Monday, March 3, 2014

The Break of Spring

bum bum bum buh da bum bum. bum bum bum buh da bum bum *under pressure*

At my university, it is tradition that freshmen in the Greek system venture off to Gulf Shores, Alabama, for spring break. I fulfill both said requirements, ergo I will be one of the spirited youngsters doing the venturing. As this trip rapidly approaches, (T-minus five days) the pressure of having a crazy fun spring break has got my mind swimming with ideas of what exactly is going to happen.

The only real references I have to go off of are bad independent films and glimpses of MTV specials. I do have older siblings, but only my brother ever went on the super soaker version of spring break, and with him being my protective big brother, he didn't really dive into the nitty gritty details. So here is how, according to American pop culture, my spring break should go down:

1) After an extremely satisfying road trip full of bonding with my friends, we'll arrive at a beach packed with beautiful, tan, half-naked men and women all buzzed on Natty.

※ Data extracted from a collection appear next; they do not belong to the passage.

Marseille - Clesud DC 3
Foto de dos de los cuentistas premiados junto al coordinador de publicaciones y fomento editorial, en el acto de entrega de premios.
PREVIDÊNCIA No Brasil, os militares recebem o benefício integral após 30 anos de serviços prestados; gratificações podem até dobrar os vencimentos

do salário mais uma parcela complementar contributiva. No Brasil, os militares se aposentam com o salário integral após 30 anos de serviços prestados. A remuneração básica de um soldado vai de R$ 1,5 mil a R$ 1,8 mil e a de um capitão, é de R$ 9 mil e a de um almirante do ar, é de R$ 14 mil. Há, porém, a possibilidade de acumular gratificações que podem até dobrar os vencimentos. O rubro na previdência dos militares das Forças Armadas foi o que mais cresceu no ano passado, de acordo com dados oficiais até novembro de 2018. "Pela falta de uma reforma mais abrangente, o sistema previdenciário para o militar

2) I'll join in on the craziness and be so happy-go-lucky that I'll completely forget of the midterms, essays, and general responsibilities that will be giving me stress in a few short weeks.

3) I should be looking HAWT in my new bikini from Victoria's Secret and absolutely LOVING the perverted attention from male onlookers.

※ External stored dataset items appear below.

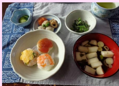
可愛くて、食べやすい てまり寿司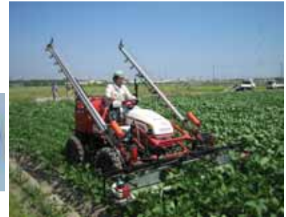
高能率摘心機を利用した大豆の増収技術を開発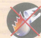
Оставлять костер непотушенным

поведения при лесном пожаре ПАМЯТКА по правилам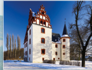
Schloss Netzschkau bei Mylau

15. Mariä Himmelfahrt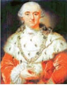
Kurfürst Karl Theodor 1763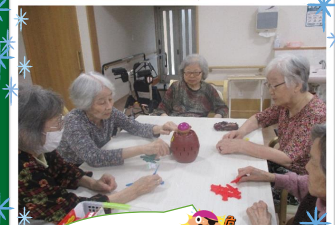
ゲーム大会も開催しています♪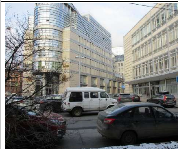
Фото 13. Ближайшее окружение объекта оценки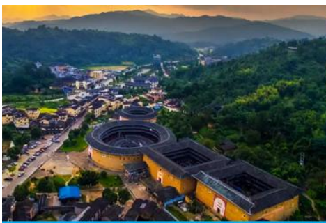
บ้านดินโบราณฉีโหลวกาเป่ย์

พักที่ โรงแรม HAKKA EARTH BUILDING PRINCE HOTEL 4* หรือเทียบเท่าในเมืองหย่งคิง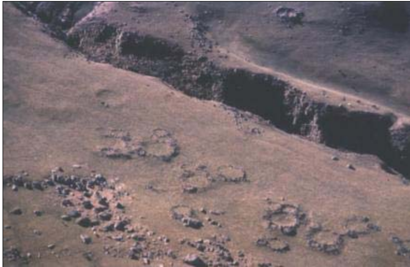
Figura 1. Unidades domésticas prehispánicas.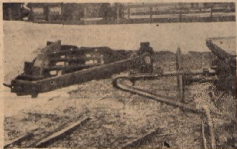
„Przystawka” z założoną deską, przed jej uruchomieniem.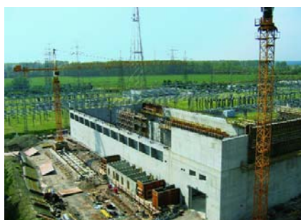
Standortzwischenlager im Bau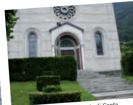
MASLIANICO, con il santuario di Santa Teresa del Bambino Gesù di Lisieux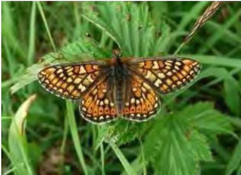
Abbildung 11: Der stark gefährdete Skabiosen-Schneckenfalter ( Euphydryas aurinia ), dessen Raupen sich von der Tauben-Skabiose ( Scabiosa columbaria ) ernähren.

4) At some point I will be arrested and will be bailed out by James Franco to become part of his illegal drug distribution business. (Hopefully after all the recklessness I'll remember to ask for Dave's number.)

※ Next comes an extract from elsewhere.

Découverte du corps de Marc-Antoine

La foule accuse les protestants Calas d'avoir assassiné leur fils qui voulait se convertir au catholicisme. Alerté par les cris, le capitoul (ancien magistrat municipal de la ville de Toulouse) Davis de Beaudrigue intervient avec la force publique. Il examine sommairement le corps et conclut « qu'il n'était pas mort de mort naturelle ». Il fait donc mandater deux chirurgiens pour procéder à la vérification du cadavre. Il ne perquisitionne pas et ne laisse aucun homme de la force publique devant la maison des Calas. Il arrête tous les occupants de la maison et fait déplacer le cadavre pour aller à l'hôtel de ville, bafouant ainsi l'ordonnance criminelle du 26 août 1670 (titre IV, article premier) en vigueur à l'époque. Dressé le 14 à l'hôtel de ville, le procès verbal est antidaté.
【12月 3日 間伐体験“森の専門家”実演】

5) There will be camera's for Girls Gone Wild all over the place; I will not be able to look at some people the same way-- ever. again.

6) Ashanti and Fat Joe will perform.

I fully believe these scandalous predictions of spring break will happen. And yes, I consider Ashanti and Fat Joe performing to be scandalous. I mean, what is this, 2007? If these things don't occur, call up my attorney because that means the media falsely portrayed an event, skewing it to appear more glamorous and sexy than it actually is--which we all know would be morally unsound... right?

If I don't make it back alive, I'd like to leave my Gossip Girl Series DVDs to Ann Thetard and my collection of pressed pennies to Taylor Holmes.